Premiere the 10th september 1999 at Teatre Jardí in Figueres (Girona), city where Salvador Dalí was born.
Shown until 16th september 2001.
The final delirium
Dalí lived-out every man’s secret dream: to remain a child during his whole life. From a very early age he understood that a child’s impunity with its wild imaginings and exciting mysteries made up the universe he needed to retain in order to avoid the constricting conventional reality of the adult world.
His early intentions met with success and Dalí even managed to die a child, playing sadistically with death, prolonging his suffering for years in order to contemplate, both curious and fearful, the reaper’s face. This unique artist’s surreal vision of reality was not the result of an intellectual process but rather the consequence of his particular vision of life; his work, his ruthless spontaneity, his erotic leanings, his relationship with García-Lorca or his love for Gala, the wife-mother figure, reveal the authenticity of an enormously creative existence based on constant play.
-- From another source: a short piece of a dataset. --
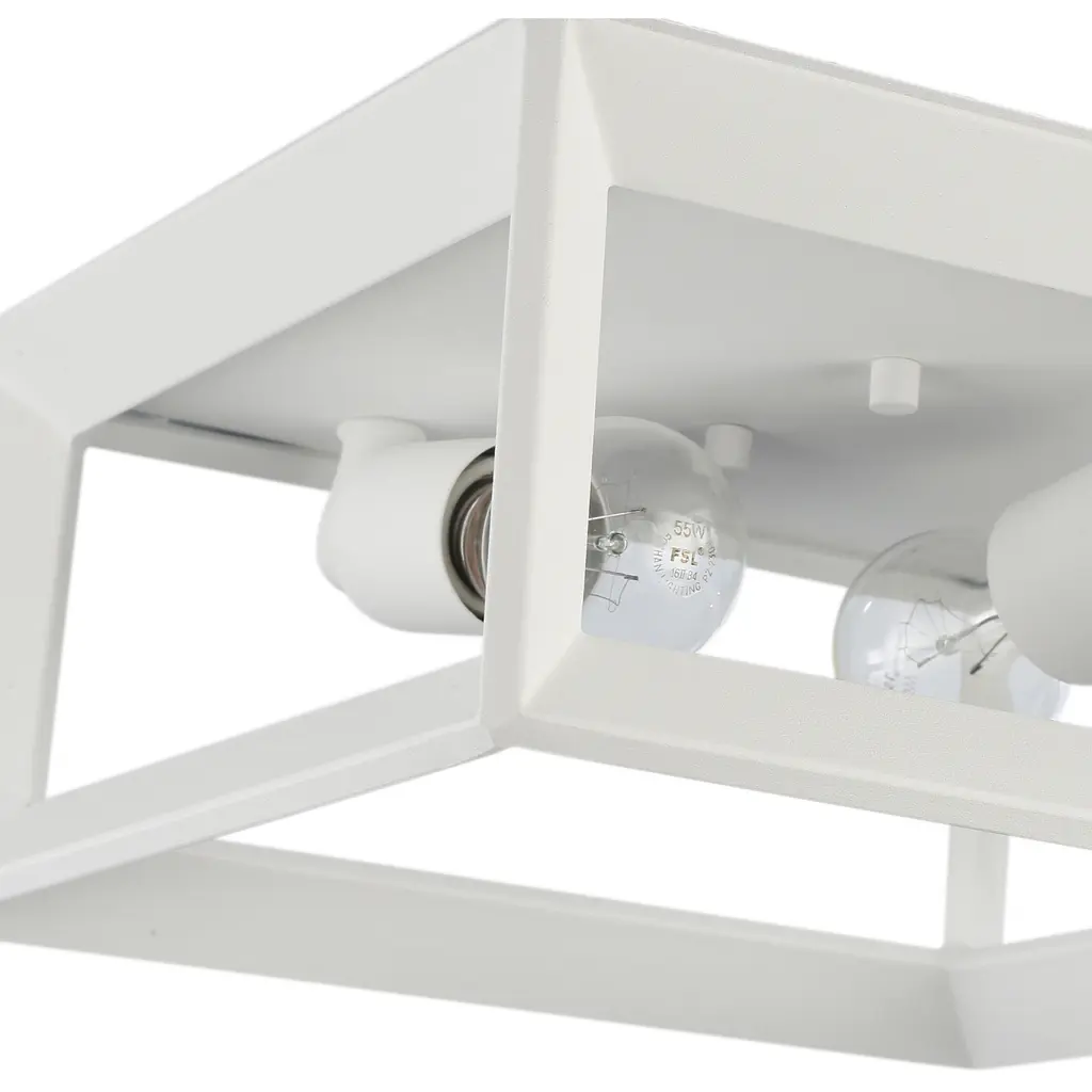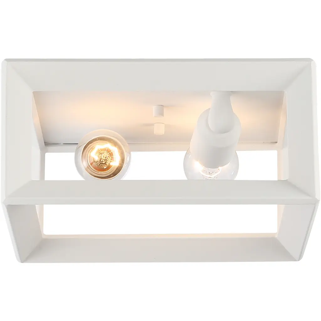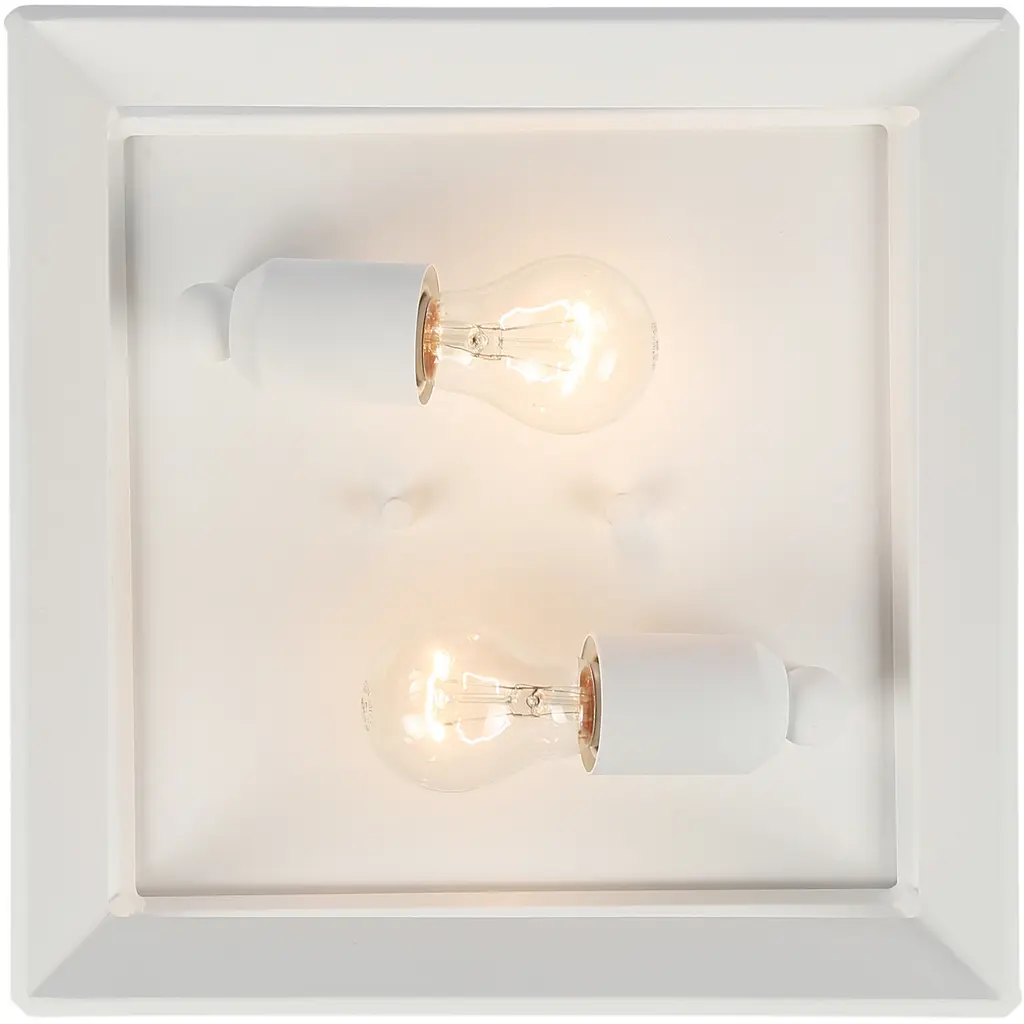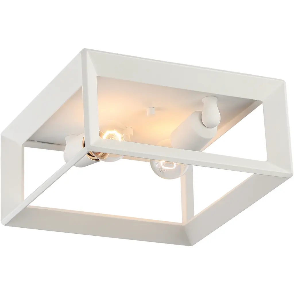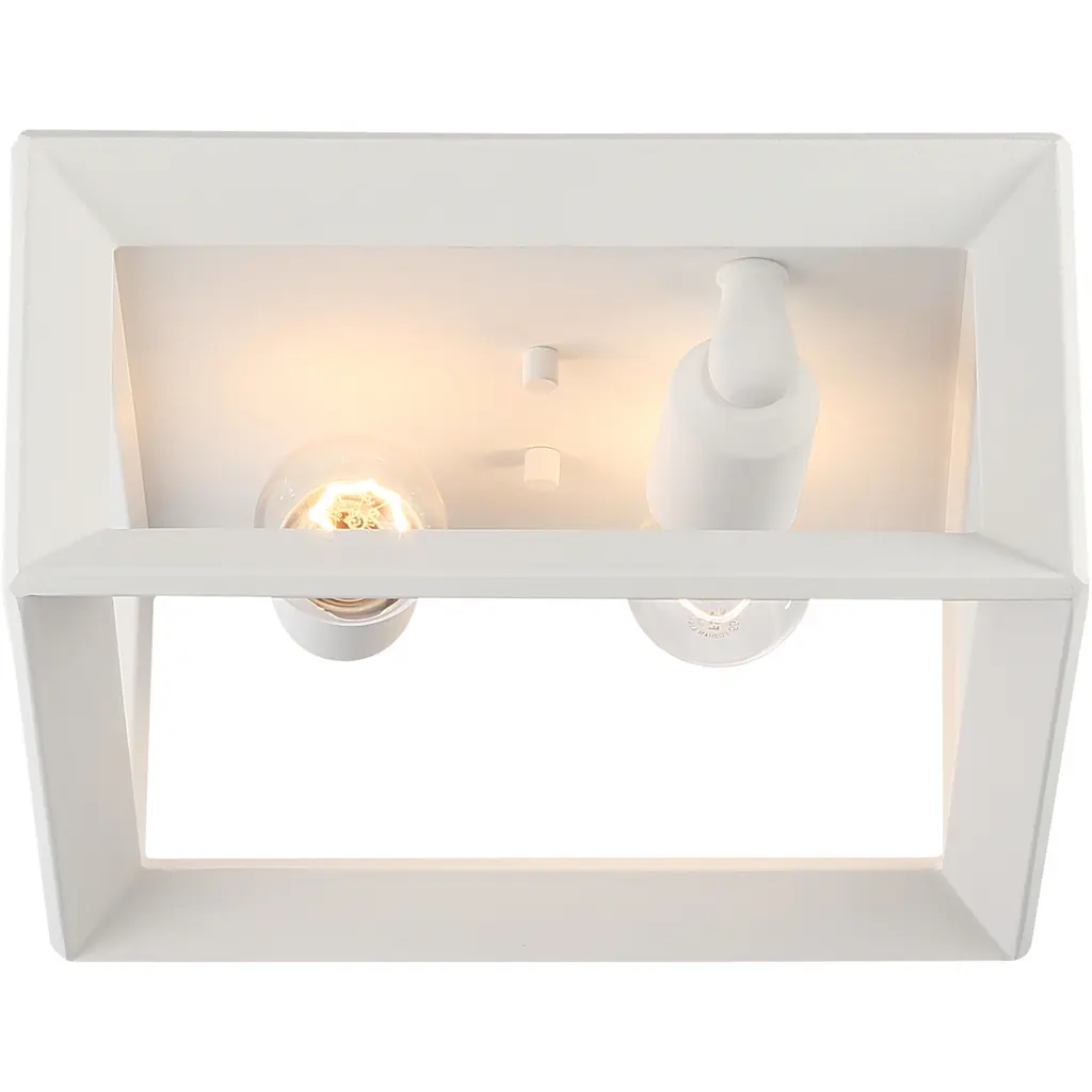 Bring transitional elegance into your home with the Golden Lighting Smyth 2-light Flush Mount. Featuring a sleek exterior and a Natural White frame, it creates a welcoming atmosphere. This fixture's minimalist design showcases its clean, geometric lines, enhancing its timeless appeal without the distraction of a shade. The Natural White finish offers a soft, matte texture that is more than a painted look, giving your space a grounded, organic feel. Ideal for low ceilings in hallways, closets, and bathrooms, it is rated for damp locations, making it suitable for areas with occasional moisture. Overall dimensions are 11.5"W x 5.5"H x 11.5"D, and it requires 2 E26 Medium base bulbs (not included, max 60 wattage per bulb). Elevate your decor with this quality fixture that combines style and function seamlessly.

His enormous ability to seduce his public was probably therefore a direct result of the theatricalization of his compulsive individuality which obviously resulted in catharsis with the masses.
Dalí did not like to be considered either “good” or politically correct, he loathed bourgeois good taste and the arrogance of the intellectual elite who counter-attacked by relegating his enormous lucidity to the realms of madness and commercialism, and on many occasions also slanderously fabricated supposed flirtations with fascism. The reasons for this can doubtless be found in Dalí’s outright militancy in the painterly tradition of figurative mysticism and also the bitter irony which he directed towards the avantguard movements and some of their major idols who even today represent the untouchable taboos of the elite.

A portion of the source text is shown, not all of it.